Все задвигались, закивали в знак согласия. Сам же логофет дрома думал в это время, что напрасно они так радуются. Главное – свалить Мануила, а потом он повернёт дело таким образом, что императором будет его сын. Для этого у него достаточно сил и влияния, а главное, тайная поддержка великого доместика Филиппа; об их договорённостях не знали даже сами заговорщики.
– А теперь доложите нам, как идёт подготовка к выступлению. Пусть первым начнёт Константин.

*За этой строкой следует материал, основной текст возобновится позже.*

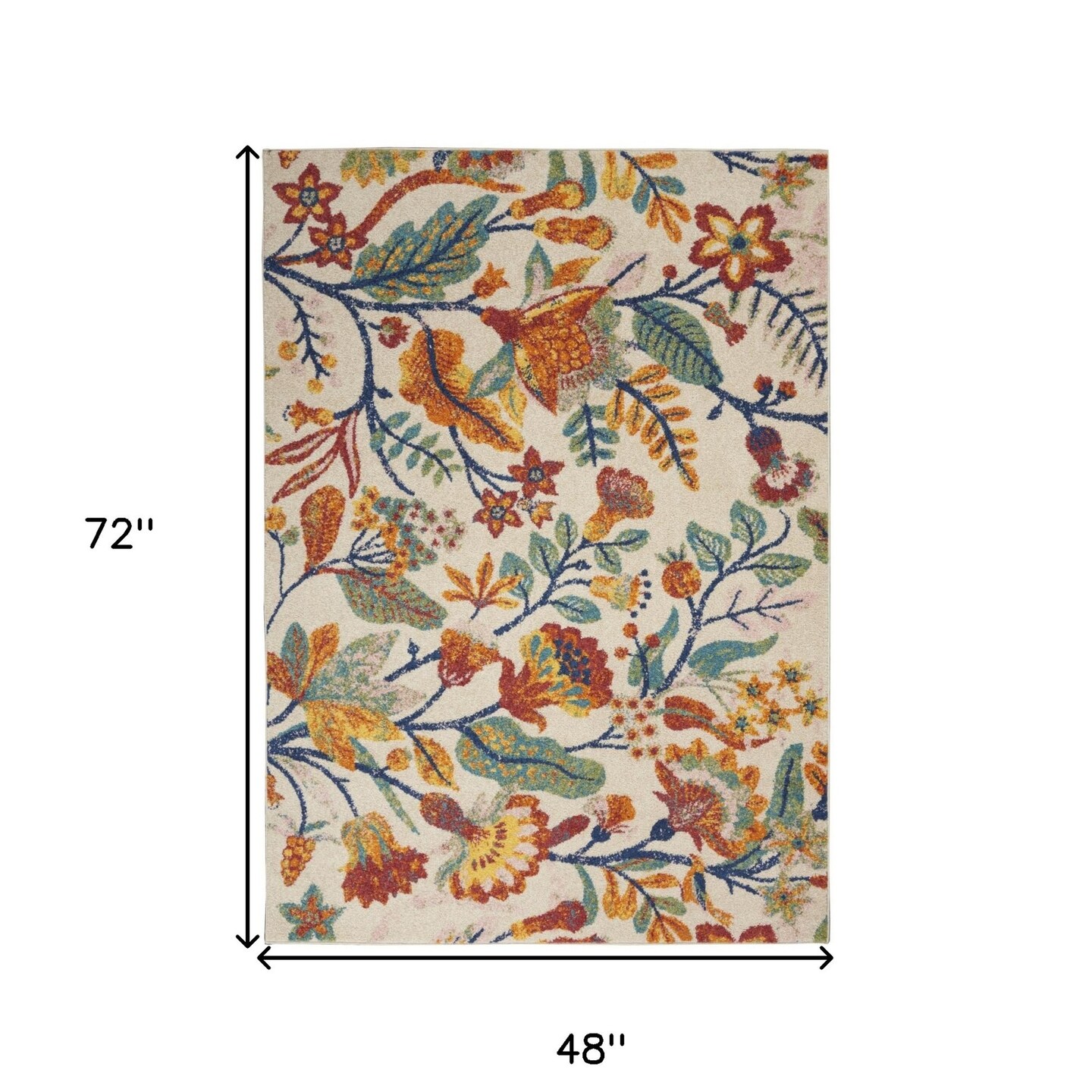 Edge Collections - 4' X 6' - Orange - Floral Power Loom Area Rug for Home Décor - 1 Piece

Дед Всеволода легко поднялся с места и стал пространно говорить о том, что стратеги четырёх фем – областей Византии – присоединились к заговору и готовы в любой момент поддержать переворот в Константинополе. Особенно непримиримо к императору настроены стратеги фем Пафлагония, Фригия и Лидия, расположенных на границе с турками; их земли постоянно подвергаются разбойным нападениям, а император не предпринимает никаких мер для защиты восточных владений. Менее решителен стратиг Фракии, потому что его земли расположены вдали от вражеских территорий, и жизнь идёт спокойно. Однако и он, если что случится, не станет вмешиваться в события.

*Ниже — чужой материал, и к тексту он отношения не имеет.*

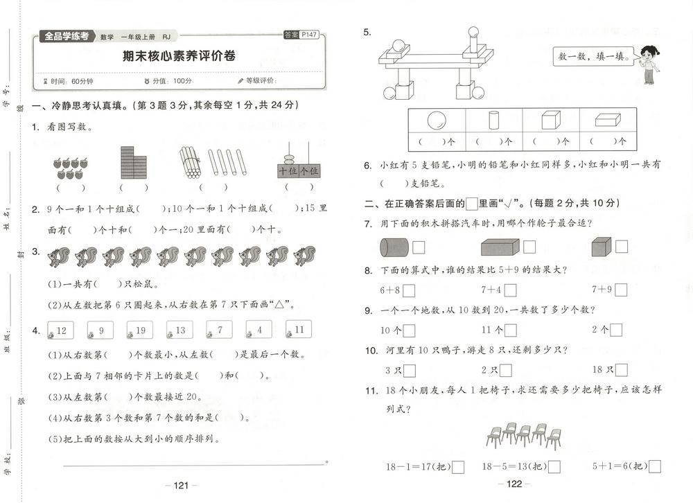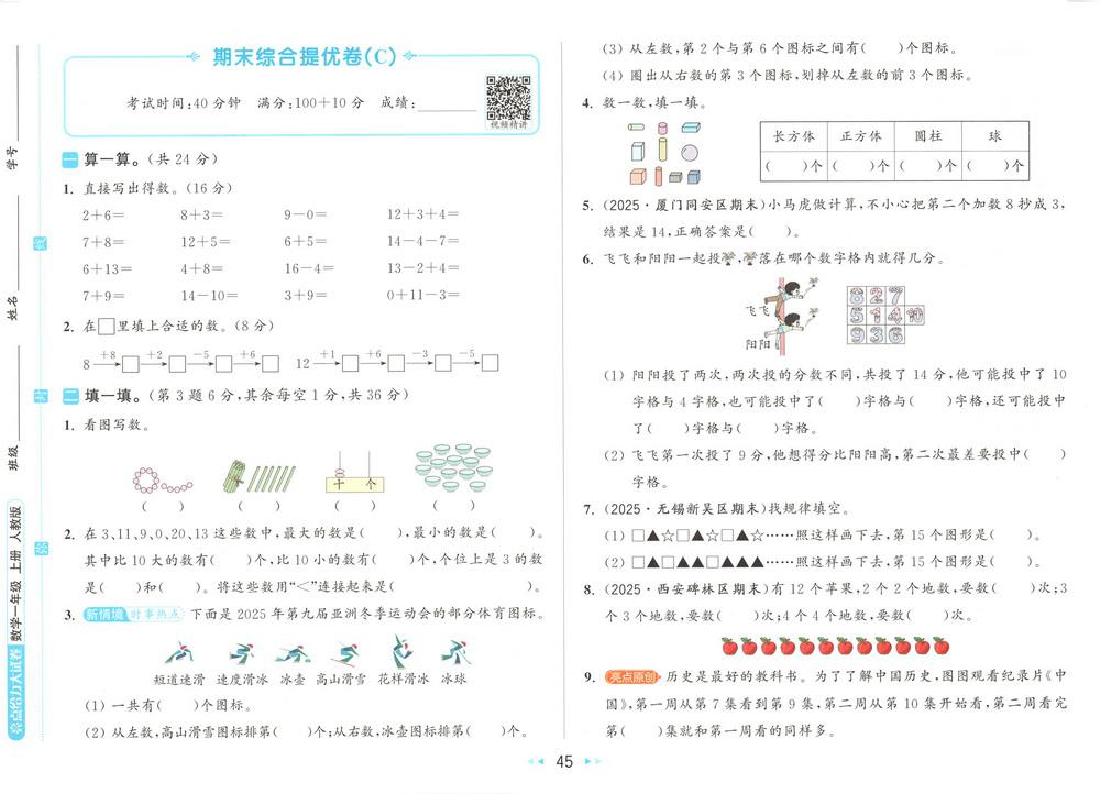 新教材人教版一年级上册数学期末测试卷五十八video

Логофет дрома остался доволен. Следом выступил квестор, стоявший во главе судебного ведомства. Он установил связь со стратигом Болгарии, который обещал поддержку. Кроме того, он заверял, что подчинённые им судьи обоснуют необходимость свержения Мануила и вовремя вынесут решение о законности новой власти.
– Через неделю император собирается переехать в загородную усадьбу на берегу Босфора. Гам у него охотничий домик и замок. Пусть развлекается, зато в столице мы станем полными хозяевами. Будьте готовы и ждите сигнала. По моему зову поднимайте своих сторонников и действуйте решительно и беспощадно. Только так завоёвывается власть!

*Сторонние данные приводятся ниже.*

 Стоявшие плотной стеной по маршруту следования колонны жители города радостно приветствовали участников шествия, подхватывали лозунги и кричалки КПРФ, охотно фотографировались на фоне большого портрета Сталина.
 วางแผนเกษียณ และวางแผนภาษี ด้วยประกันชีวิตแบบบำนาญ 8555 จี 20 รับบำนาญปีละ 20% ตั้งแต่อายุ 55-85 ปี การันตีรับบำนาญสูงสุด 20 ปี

После недолгого молчания слово взял префект Константинополя:
– Опыт прошлых дворцовых переворотов показывает, что тотчас, как сменяется власть, па улицы выходит чернь, грабит магазины, разносит рынки, убивает богатых людей. Громят винные склады, выкатывают на площади бочки с вином и пивом. Начинается повальное пьянство. Часто в беспорядки включаются войска и положение в городе выходит из-под контроля властей. Надо это предусмотреть наперёд и не допустить анархии и произвола.
– Что ты предлагаешь? – спросил его логофет дрома.
– Необходимо с первого часа переворота вывести на улицы гвардейские части и поставить их в ключевых пунктах города.
– А если и они выйдут из подчинения и начнут мародёрствовать?
– Следует выплатить им сверх положенного месячное жалованье и пообещать, что, когда всё успокоится, ещё двойное месячное жалованье.
– Деньги мы найдём. Так что при случае можешь обещать и начальнику кавалерии, и его подчинённым.
После совещания, как бы невзначай, в отдельные покои удалились Константин и префект столицы.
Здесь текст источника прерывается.